Table 10 Average bias [ppm] over 14 days for different schemes of SF and DF modes at the location of RS11035

Conclusions

In this article, the potential use of SF observations for GNSS tomography was studied. In addition, the impact of different regularization methods was investigated by applying an initial field or not. In this regard, a part of the EPOSA GNSS network located in the east of Austria was utilized to analyze the accuracy of the reconstructed refractivity field using different strategies. For this purpose, two different strategies were applied to estimate ZTDs and use the SWDs as an input for the tomography. In the first strategy, single-frequency (SF) observations were processed using PPP in goGPS software. In the second strategy, dual-frequency (DF) observations were processed in double-difference mode with the Bernese software. Subsequently, we have solved the tomography problem using the different regularization methods: ART, MART, Landweber, and TV. The AROME model and the TV method provided the required initial field for the iterative techniques to analyze the impact of this input on the retrieved accuracy of the wet refractivity field. The results showed that the AROME ZTD correlate with DF ZTD and SF ZTD on average at 97% and 66%, correspondingly. However, the reported correlation is not sensitive to a bias between the data sets. Analyzing RMSE of the estimated ZTDs using SF and DF observations showed that the DF scheme provides better results (avg. RMSE 0.019 m) in comparison to the SF scheme (avg. RMSE 0.075 m). Furthermore, the bias of SF ZTD was slightly larger during noontime which can be explained by the daily solar radiation and consequential complexity to describe the ionospheric delay with SEID. Moreover, there might also be artifacts from model deficiencies, e.g., satellite clocks in PPP processing. As expected, a successful integer fixing of the ambiguities improves the results and leads to a much more accurate estimation of the ZTD.

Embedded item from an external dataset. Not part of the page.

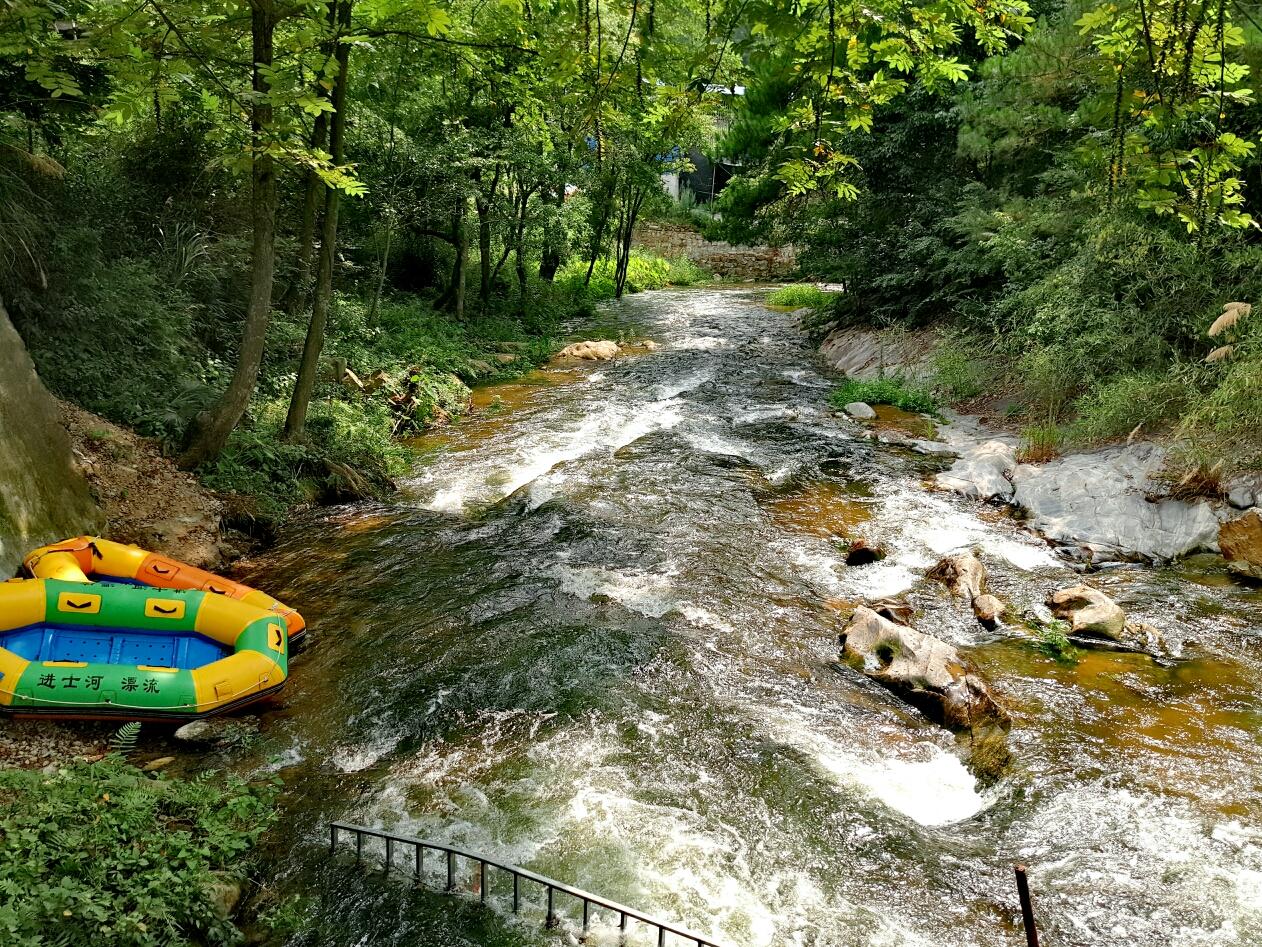 罗田进士河漂流河道全长6公里,落差187米,其中最大落差17米,最长滑到近百米,全程大小落差42处险滩35处,河道两岸植被茂密,古木参天,藤蔓盘根错节。河道中怪石林立,碧潭幽深,飞瀑成群,风光迷人。

The accuracy of retrieved refractivity fields using various regularization methods in SF and DF schemes was assessed by RS observations. According to the obtained results, the performance of ART techniques (ART, MART, and Landweber) by applying the AROME model as an initial field was comparable for both SF and DF schemes. In addition, the accuracy of the reconstructed wet refractivity field using the TV method and ART techniques + TV for SF schemes was almost as good as for the DF scheme. Moreover, the correlation between retrieved wet refractivity and RS wet refractivity for all regularization techniques in SF and DF schemes was almost higher than 95%. However, a considerable MAE and bias for ART + AROM and ART + TV in the SF scheme has been detected during noontime. This study showed that entering ZTDs calculated from SF data instead of DF data yields degradation of the RMSE of the reconstructed profiles between 10% and 40% over all investigated regularization techniques. In the presence of a reasonable initial field, an acceptable reconstruction of the wet refractivity at the level of 4–7 ppm wet refractivity field with respect to radiosonde profile could be achieved, but also TV + Landweber and TV + MART techniques can retrieve wet refractivity profiles at 6–8 ppm-level.

In future studies, PPP AR (ambiguity resolution) techniques have to be further investigated to improve ZTD estimates derived from DF or even SF data in future studies. Moreover, the tomography approach based on the TV regularization method should be investigated in more extended periods and under different weather conditions to prove the potential of this method for reconstructing the wet refractivity field without using any initial field.